Еврейский миф в славянской культуре - страница 6



Барталь анализирует парадоксы, связанные с движением Просвещения в диаспоре Восточной Европы – сторонниками Хаскалы и маскилим. Вопреки сложившимся в старой историографии стереотипам, Хаскалу следует считать следствием процессов модернизации в диаспоре, но не движущей силой этих процессов. Маскилим, сторонники Просвещения, оказались тем движением, которое формулировало еврейскую национальную идею, ибо стремились не к национальной ассимиляции, а к государственной интеграции евреев. Стремясь к «исправлению» еврейской традиционной культуры, они способствовали возрождению иврита как литературного языка, относя идиш к «жаргону», при этом сами создавали печатную продукцию – литературу на идише. Эта публицистика, считавшаяся либеральной, встречала противодействие имперских властей как в Австрии, так и в России. Заметим, что и зарождающаяся революционная публицистика отнеслась к языку идиш как «жаргону», о высоких материях следовало писать библейским языком (Фрумкин 1995: 623–624).

Традиционный экономический быт диаспоры в России был окончательно подорван во время «Великих реформ» при Александре II с уничтожением крепостного уклада; евреи, уходившие на предприятия современной промышленности в города, не только отрывались от местечковых общин, но и формировали еврейский пролетариат, равно как и прослойку буржуазии. Более того, имперская администрация стала использовать «полезных» евреев для укрепления государственной экономики, разрешив представителям «полезных» профессий, в первую очередь финансистам и промышленникам, поселяться вне черты оседлости; представители традиционных профессий и промыслов (сапожники, портные и т. п.) не получили привилегий. Существенным для еврейской жизни оказалось разрешение выпускникам средних и высших учебных заведений жить вне черты оседлости: этот фактор сыграл большую роль в привлечении евреев в сферу русской культуры, чем все казенные попытки русифицировать еврейство. Несколько десятков тысяч евреев оказались вне черты оседлости в русских городах, в 1860-е гг. в этих условиях сформировалась еврейская периодическая печать, использовавшая три языка: иврит, идиш и государственный – русский. Стали формироваться еврейская литература и еврейская историческая наука.
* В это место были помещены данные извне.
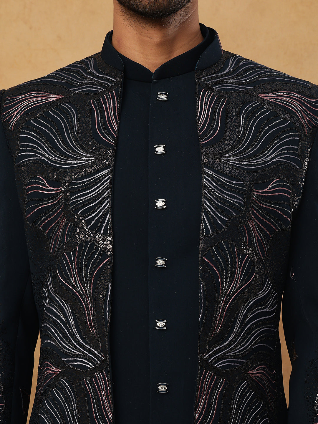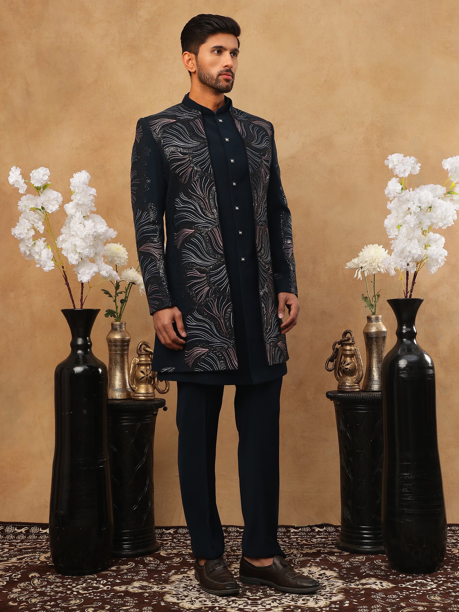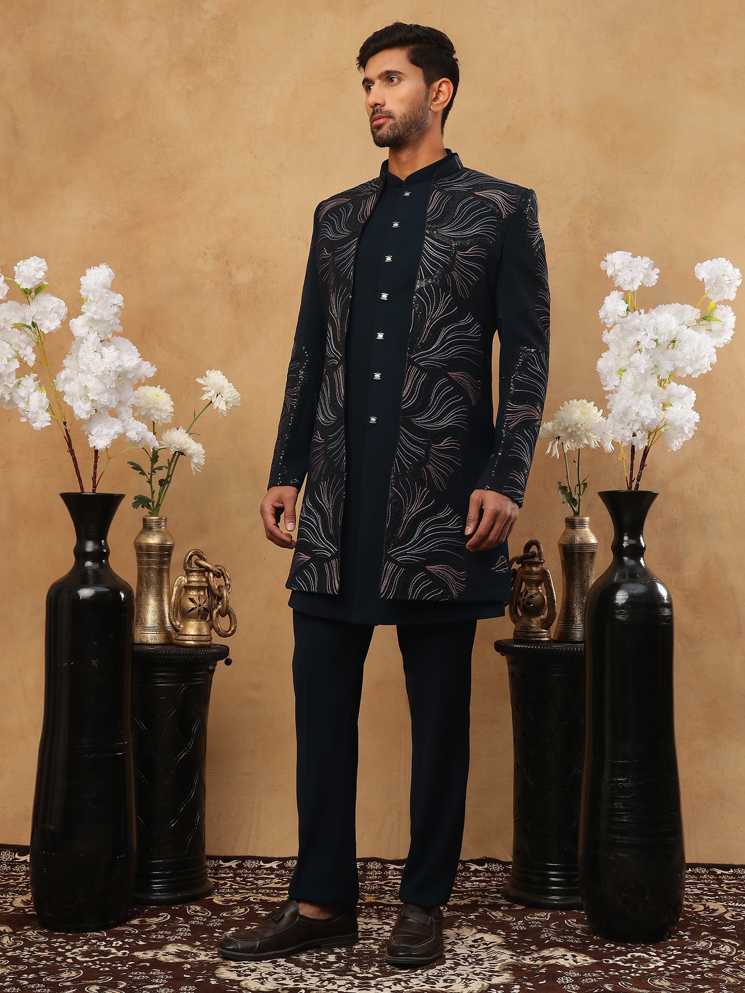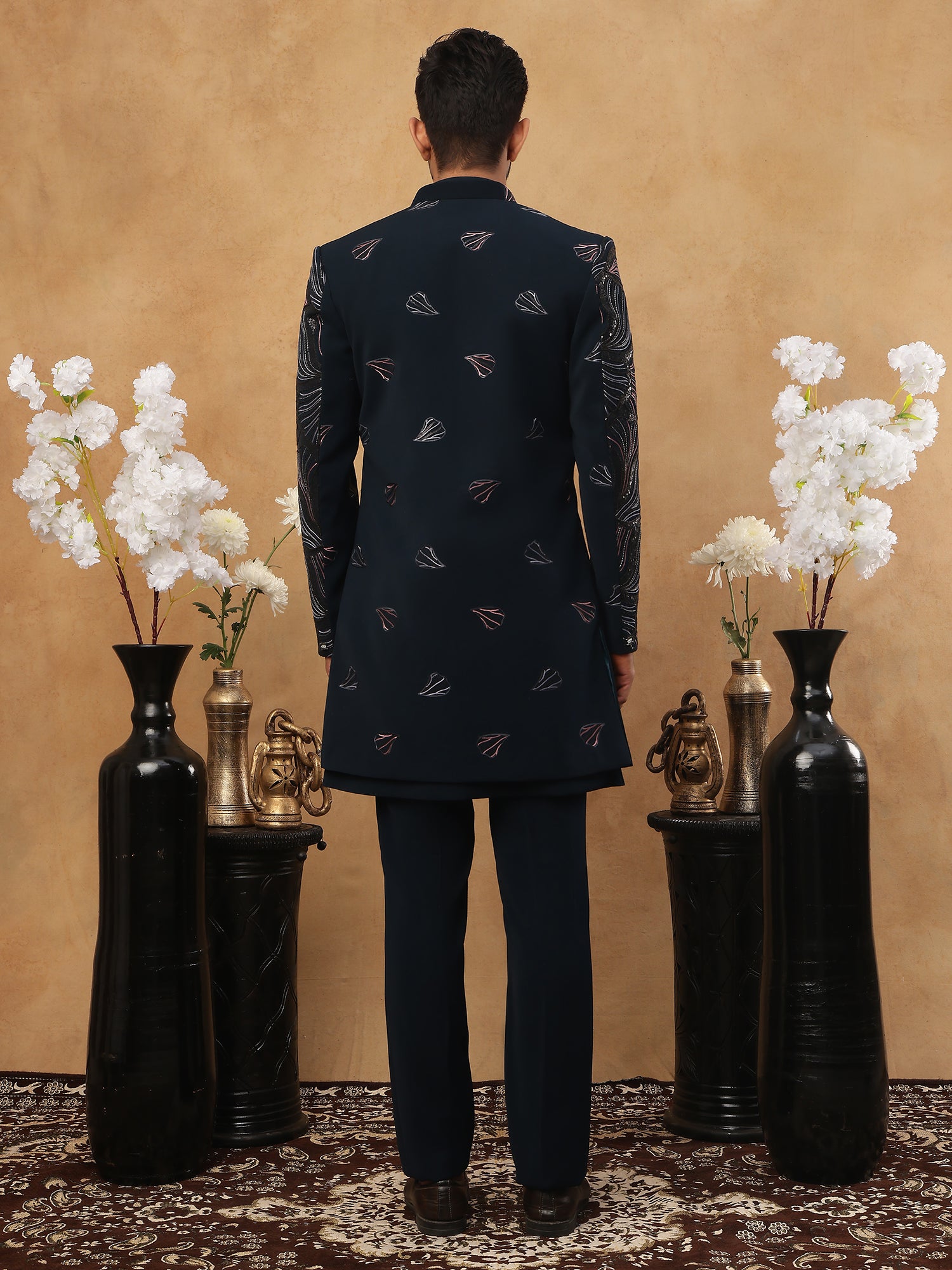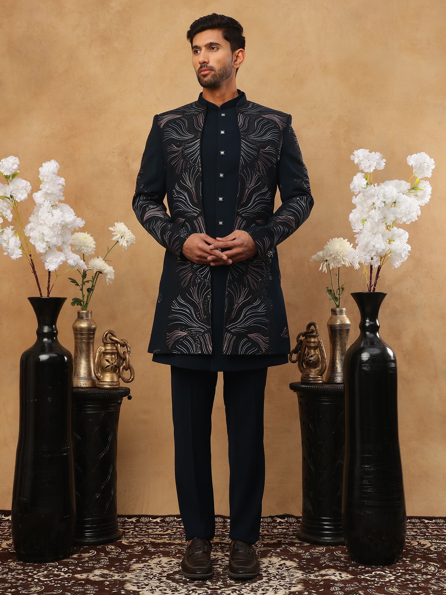 Make a powerful statement with this Navy Blue Geometric Indo-Western Sherwani. Unlike standard fabrics, this piece is constructed from Imported Japanese Cotton-Silk, known for its superior weaving technology. This allows the intricate geometric diamond pattern to appear incredibly sharp and defined. The deep navy blue base is accented with subtle hints of red and finished with bold antique silver buttons, giving it a look that is both traditional and architectural. Paired with contrasting white trousers, this is the ultimate choice for a groom or a guest who appreciates precision tailoring and exclusive materials.

Русскоязычная еврейская журналистика, по характеристике Барталя, «сражалась на два фронта»: она противостояла сочинениям «либерального лагеря, требовавшего полной ассимиляции евреев», и антисемитской пропаганде, усилившейся в 1870-е гг. Публицистика стала новым «воплощением еврейской солидарности», объединяла и политизировала разрозненные группы еврейского населения.

Те же процессы приводили к радикализации сторонников маскилим, нарастанию враждебности к имперскому режиму. Ортодоксы воспринимали перемены как смертельную угрозу традиционному религиозному быту (сторонники просвещения предлагали реформировать систему религиозного образования). Эти противоречивые тенденции объединяли диаспору России и австрийской Галиции, где евреи получили все политические права в 1868 г., чему способствовали как контакты между община ми хасидов, так и пресса маскилим. Интересен факт, приводимый Барталем: прослойка еврейской буржуазии в Кракове и Львове традиционно ориентировалась на польскую культуру, интегрируясь при этом в культуру Австрийской империи и воспринимая ее государственный – немецкий – язык. Некоторые из польских патриотических манифестов середины XIX в. были написаны евреями по-немецки. Автор отмечает также, что несмотря на относительно благоприятные условия жизни еврейской диаспоры в Австрии и здесь на исходе XIX в. наблюдается массовая эмиграция на Запад и в США – юдофобия не была ее главным стимулом, большее значение играли демографический рост и экономический фактор.